Task statement: When you reach the line with "當日上午的體育課堂,成為一片" in the records below, begin transcribing exactly and continue up to and including the line with "Satin fabric scrunchies", leaving out every picture.

The input:
────────────────

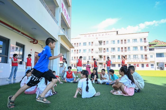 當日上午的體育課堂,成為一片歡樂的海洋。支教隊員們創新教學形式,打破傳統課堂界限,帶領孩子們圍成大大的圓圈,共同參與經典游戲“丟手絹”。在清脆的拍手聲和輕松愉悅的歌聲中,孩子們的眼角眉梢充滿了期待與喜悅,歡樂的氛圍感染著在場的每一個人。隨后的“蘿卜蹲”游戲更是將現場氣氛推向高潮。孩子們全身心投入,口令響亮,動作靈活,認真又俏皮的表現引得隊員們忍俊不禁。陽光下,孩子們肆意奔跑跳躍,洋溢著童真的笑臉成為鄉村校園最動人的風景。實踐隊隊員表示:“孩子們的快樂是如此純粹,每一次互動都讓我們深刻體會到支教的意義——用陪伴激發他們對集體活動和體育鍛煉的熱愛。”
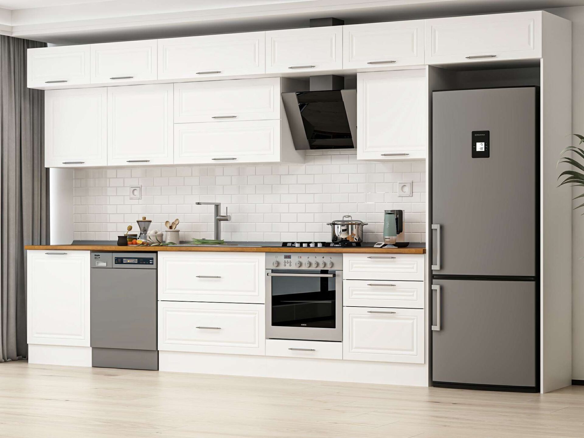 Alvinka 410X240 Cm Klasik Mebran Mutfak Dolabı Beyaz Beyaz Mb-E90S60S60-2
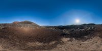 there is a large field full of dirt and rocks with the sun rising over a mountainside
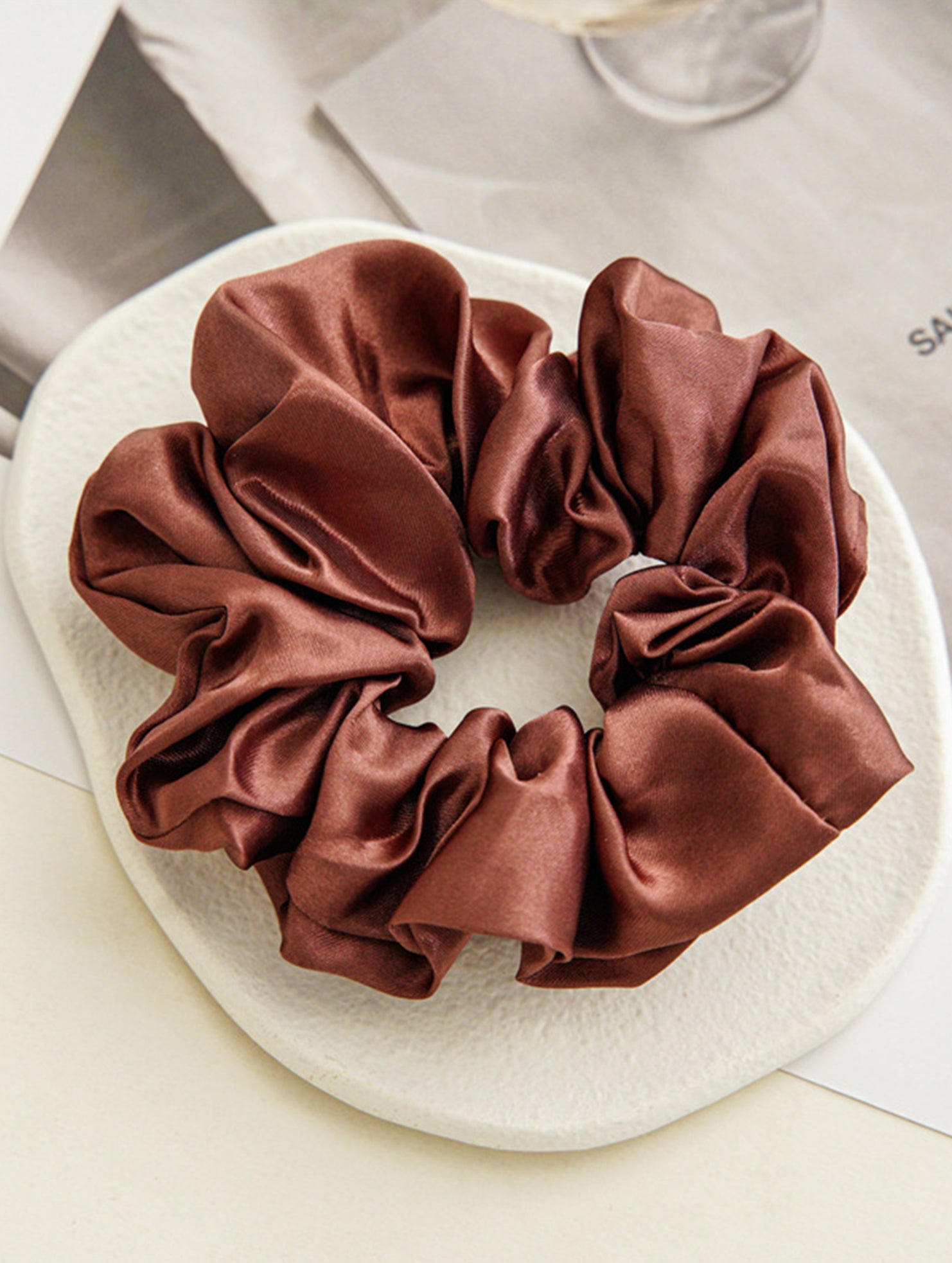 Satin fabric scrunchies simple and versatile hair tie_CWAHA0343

────────────────

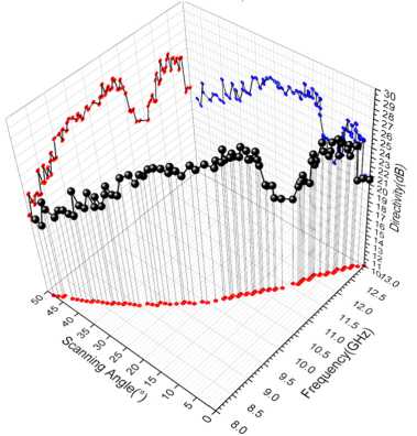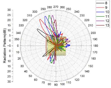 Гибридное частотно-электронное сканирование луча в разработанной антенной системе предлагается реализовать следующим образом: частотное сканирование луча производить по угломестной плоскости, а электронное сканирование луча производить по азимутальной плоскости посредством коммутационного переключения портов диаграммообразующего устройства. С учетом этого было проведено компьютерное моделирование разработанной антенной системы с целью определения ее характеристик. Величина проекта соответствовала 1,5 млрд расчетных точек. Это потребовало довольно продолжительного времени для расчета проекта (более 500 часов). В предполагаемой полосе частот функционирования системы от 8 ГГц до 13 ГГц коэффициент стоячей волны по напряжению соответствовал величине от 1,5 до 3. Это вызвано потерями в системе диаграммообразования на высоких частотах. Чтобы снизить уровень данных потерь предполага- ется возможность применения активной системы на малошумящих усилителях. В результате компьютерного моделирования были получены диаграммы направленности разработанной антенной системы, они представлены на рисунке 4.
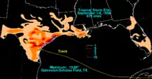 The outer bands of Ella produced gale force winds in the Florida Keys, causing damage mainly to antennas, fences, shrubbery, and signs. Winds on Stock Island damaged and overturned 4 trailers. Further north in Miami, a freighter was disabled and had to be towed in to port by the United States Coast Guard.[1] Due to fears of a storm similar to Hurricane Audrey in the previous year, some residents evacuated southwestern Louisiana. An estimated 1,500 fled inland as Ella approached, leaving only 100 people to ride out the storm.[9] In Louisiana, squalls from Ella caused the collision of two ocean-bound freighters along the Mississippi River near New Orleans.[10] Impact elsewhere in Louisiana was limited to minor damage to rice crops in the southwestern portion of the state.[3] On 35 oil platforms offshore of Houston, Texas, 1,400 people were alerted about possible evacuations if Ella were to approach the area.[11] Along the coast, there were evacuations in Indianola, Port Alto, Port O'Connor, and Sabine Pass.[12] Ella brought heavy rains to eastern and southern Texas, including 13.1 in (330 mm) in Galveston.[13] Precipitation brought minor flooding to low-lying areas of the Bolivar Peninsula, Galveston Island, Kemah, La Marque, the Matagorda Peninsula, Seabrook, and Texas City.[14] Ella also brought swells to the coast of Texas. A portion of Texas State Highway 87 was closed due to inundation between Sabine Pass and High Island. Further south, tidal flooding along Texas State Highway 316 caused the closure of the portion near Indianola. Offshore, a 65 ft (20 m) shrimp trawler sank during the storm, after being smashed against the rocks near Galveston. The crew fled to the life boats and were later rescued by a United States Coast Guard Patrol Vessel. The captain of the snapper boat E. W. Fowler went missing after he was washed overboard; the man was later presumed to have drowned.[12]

────────────────

Solution to the problem:
 當日上午的體育課堂,成為一片歡樂的海洋。支教隊員們創新教學形式,打破傳統課堂界限,帶領孩子們圍成大大的圓圈,共同參與經典游戲“丟手絹”。在清脆的拍手聲和輕松愉悅的歌聲中,孩子們的眼角眉梢充滿了期待與喜悅,歡樂的氛圍感染著在場的每一個人。隨后的“蘿卜蹲”游戲更是將現場氣氛推向高潮。孩子們全身心投入,口令響亮,動作靈活,認真又俏皮的表現引得隊員們忍俊不禁。陽光下,孩子們肆意奔跑跳躍,洋溢著童真的笑臉成為鄉村校園最動人的風景。實踐隊隊員表示:“孩子們的快樂是如此純粹,每一次互動都讓我們深刻體會到支教的意義——用陪伴激發他們對集體活動和體育鍛煉的熱愛。”
 Alvinka 410X240 Cm Klasik Mebran Mutfak Dolabı Beyaz Beyaz Mb-E90S60S60-2
 there is a large field full of dirt and rocks with the sun rising over a mountainside
 Satin fabric scrunchies simple and versatile hair tie_CWAHA0343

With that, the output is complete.